California Law AB 1672 Explained
California law AB 1672 was passed in 1992, but you may have never heard about it- unless you needed it. With all the recent talk of healthcare reform, you may be wondering what is California law AB 1672 and what does it mean to you?
California Law AB 1672 in a Nut Shell
California law AB 1672 is actually an improvement on the federal government’s HIPAA, Health Insurance Portability and Accountability Act. Some legislators even tout the law as being a forerunner of the future of healthcare reform in America.
This law:
- Allows individuals with pre-existing medical conditions to change over to a newer group health plan without an exclusionary period;
- Ensures small businesses, professional organizations, and associations have access to health plans as long as they have between 2 and 50 full time employees;
- Protects the insured from an increase in insurance rates after filing an insurance claim;
- Allows employees with health problems to change jobs and/or health plans without fear of being penalized for pre-existing conditions.
Life Before AB 1672
Before the law took effect, employers often faced denied coverage due to aging employees, or employees with serious medical coverage, or if they employed to few eligible enrollees. They lived in fear of cancellation of health benefits if they filed a claim (actually used the health insurance they paid for), or if premiums were raised beyond the breaking point forcing the employer and employees to cancel the health plan.
If one employee became sick, the entire company risked losing health benefits. Pricing was not uniform between small businesses and larger companies. Some small companies were paying twice as much for the same amount of health care that larger companies were receiving.
Many families carried double insurance to guard against the loss of coverage if one spouse were to get fired or change jobs. Families also lived in fear of losing coverage for a child or spouse if they became ill or permanently disabled.

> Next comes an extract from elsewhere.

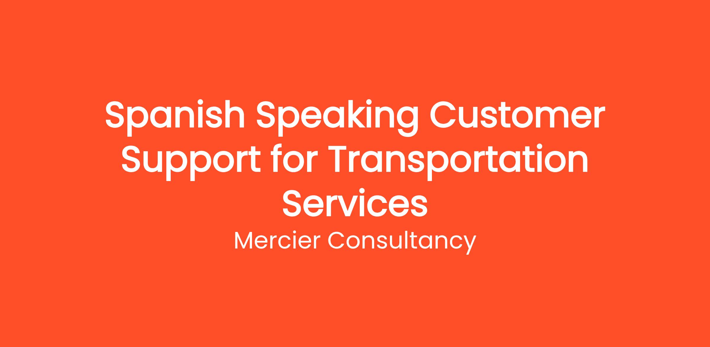 Mercier Consultancy is seeking a Spanish Speaking Customer Support Representative to join our team, specializing in transportation services! In this vital role, you will be the primary contact for our Spanish-speaking clients, providing exceptional support related to their transportation needs. Your fluency in Spanish will enable you to effectively communicate with clients, addressing their inquiries and ensuring they have a smooth experience with our services.

Consequently, more than 2/3 of small businesses were unable to offer health insurance benefits to employees, leaving individuals and families unprotected unless they could afford privately funded health insurance. Those who could afford health insurance had to settle for traditional health plan that covered less and came with higher premiums instead of choosing from group health plans.
AB 1672 Changes Life for the Better
Now, under the new law, more California residents have access to group health plans and are protected from skyrocketing premiums and cancellation if they become ill or injured. Small businesses can choose between group health plans with affordable premiums. In addition, employees whose employers decline to offer health insurance are not left high and dry. They can opt for group health plans provided through professional organizations, trade associations, and civic groups.
California Law AB 1672 in Action: How it Works
Employees who are eligible for protection under AB 1672 must:
- Be residents of California
- Be considered full-time; or in some cases, working at least 20 hours per week
- Be employed by or belong to a business or organization offering group health plans must have between 2-50 members or employees enrolling for coverage
- Not be enrolled in Medicare or MediCal
- Apply for benefits under a new employee within 30 days of losing the previous coverage (this does NOT include an employers mandatory probationary or waiting period for insurance coverage)
- Be employed by an employer who contributes to the cost of health insurance coverage
- Be employed by a business that has actively engaged in business for a minimum of six months prior to filing for health insurance eligibility under AB 1672
California law AB 1672 protects your right to healthcare insurance. The details are complicated, but the bottom line is that AB 1672 is one assembly bill that has changed the way California residents view health insurance for the better.